Output the listing verbatim, leaving out every picture.

• **Source data**:
-.-.-

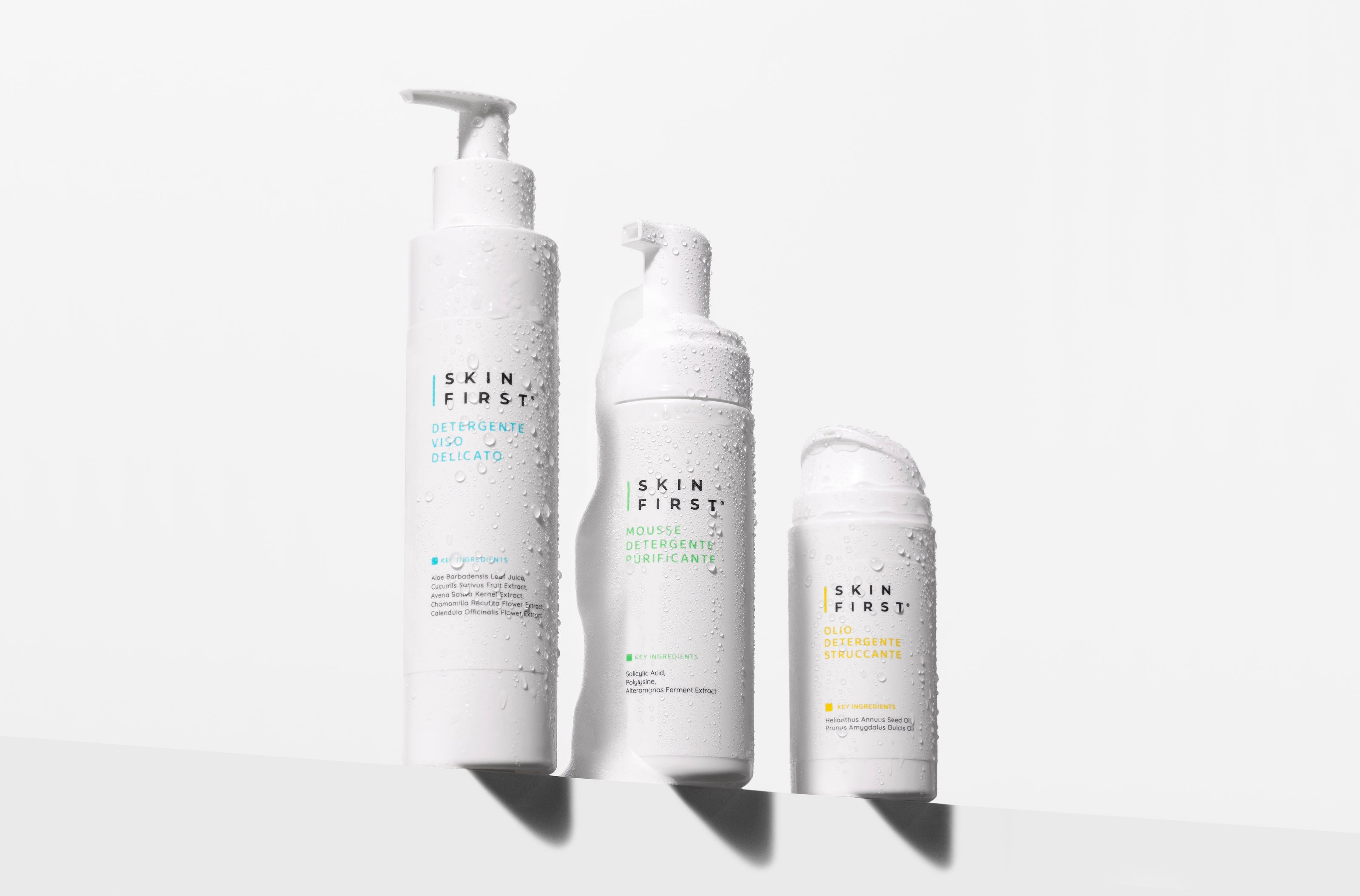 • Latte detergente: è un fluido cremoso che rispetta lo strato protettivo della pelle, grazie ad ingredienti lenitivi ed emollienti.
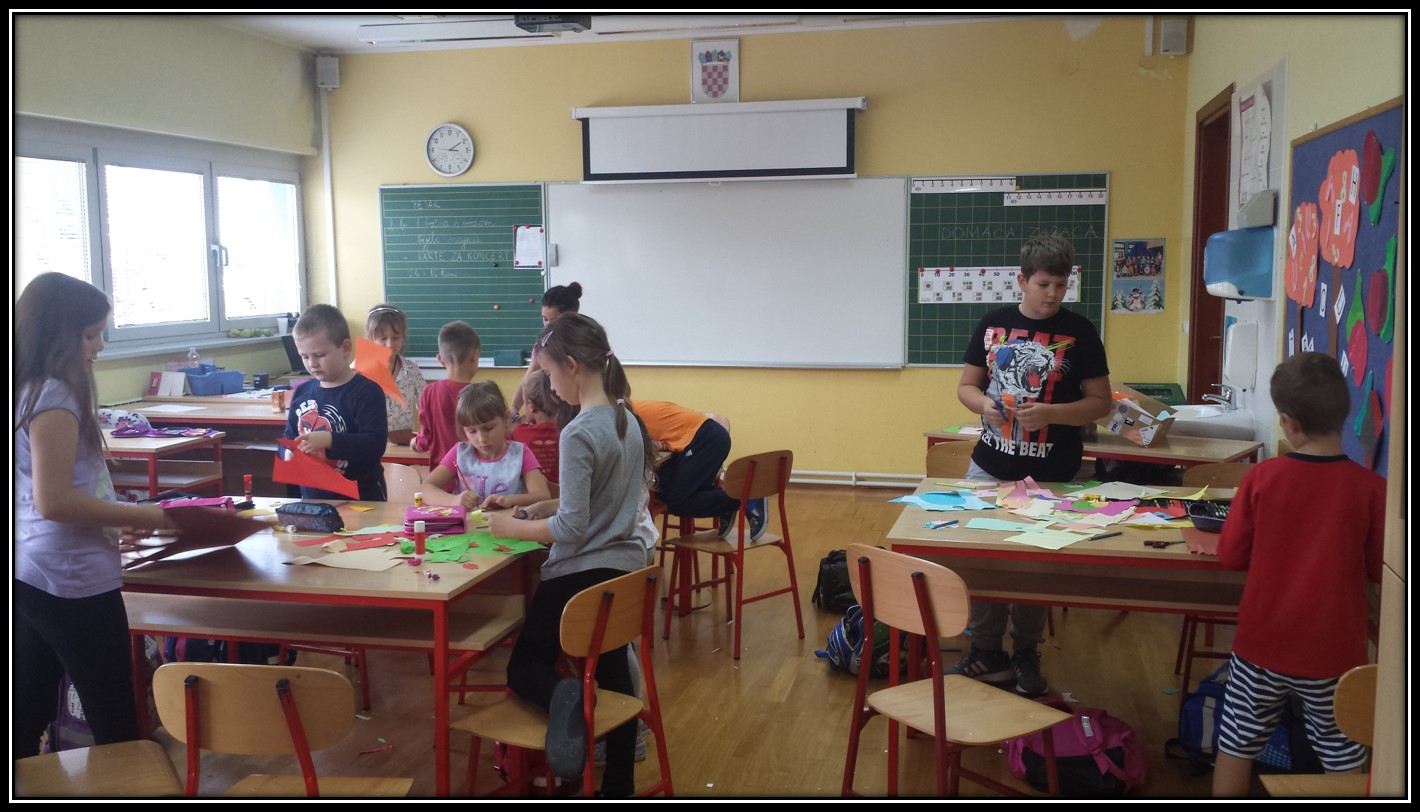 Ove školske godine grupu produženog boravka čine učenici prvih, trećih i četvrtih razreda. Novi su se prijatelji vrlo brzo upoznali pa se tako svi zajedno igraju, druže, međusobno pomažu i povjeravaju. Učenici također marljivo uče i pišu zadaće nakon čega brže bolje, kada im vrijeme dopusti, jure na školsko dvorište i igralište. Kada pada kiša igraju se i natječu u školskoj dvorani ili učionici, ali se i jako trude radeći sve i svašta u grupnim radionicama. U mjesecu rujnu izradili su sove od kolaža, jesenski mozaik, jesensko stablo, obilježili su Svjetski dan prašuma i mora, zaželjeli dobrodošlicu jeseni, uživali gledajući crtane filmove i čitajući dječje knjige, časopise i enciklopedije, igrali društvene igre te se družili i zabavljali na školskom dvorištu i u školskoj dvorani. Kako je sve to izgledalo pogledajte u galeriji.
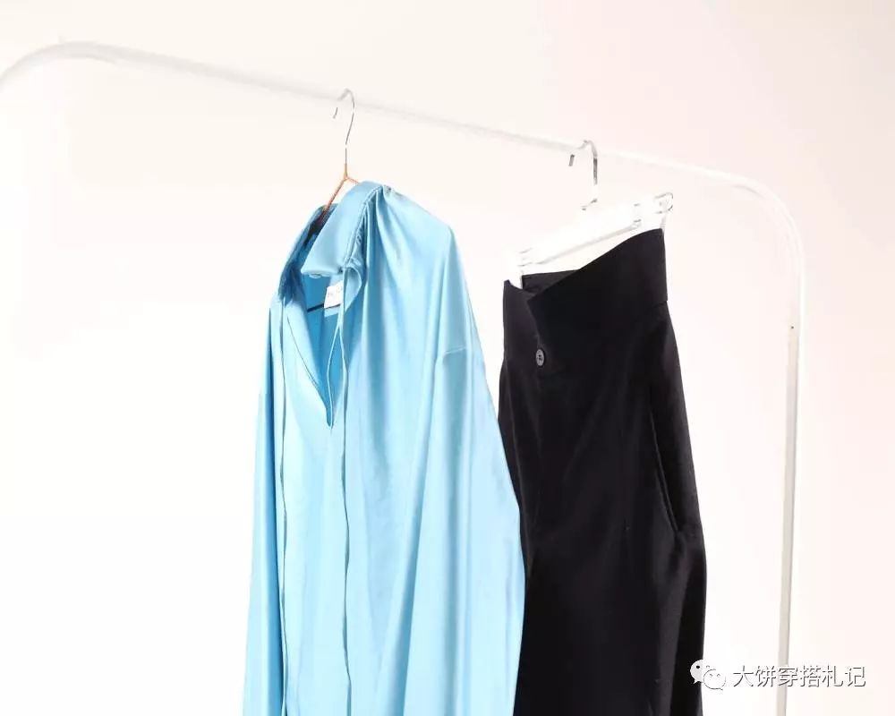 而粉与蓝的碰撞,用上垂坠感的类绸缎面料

-.-.-

• **Written answer**:
 • Latte detergente: è un fluido cremoso che rispetta lo strato protettivo della pelle, grazie ad ingredienti lenitivi ed emollienti.
 Ove školske godine grupu produženog boravka čine učenici prvih, trećih i četvrtih razreda. Novi su se prijatelji vrlo brzo upoznali pa se tako svi zajedno igraju, druže, međusobno pomažu i povjeravaju. Učenici također marljivo uče i pišu zadaće nakon čega brže bolje, kada im vrijeme dopusti, jure na školsko dvorište i igralište. Kada pada kiša igraju se i natječu u školskoj dvorani ili učionici, ali se i jako trude radeći sve i svašta u grupnim radionicama. U mjesecu rujnu izradili su sove od kolaža, jesenski mozaik, jesensko stablo, obilježili su Svjetski dan prašuma i mora, zaželjeli dobrodošlicu jeseni, uživali gledajući crtane filmove i čitajući dječje knjige, časopise i enciklopedije, igrali društvene igre te se družili i zabavljali na školskom dvorištu i u školskoj dvorani. Kako je sve to izgledalo pogledajte u galeriji.
 而粉与蓝的碰撞,用上垂坠感的类绸缎面料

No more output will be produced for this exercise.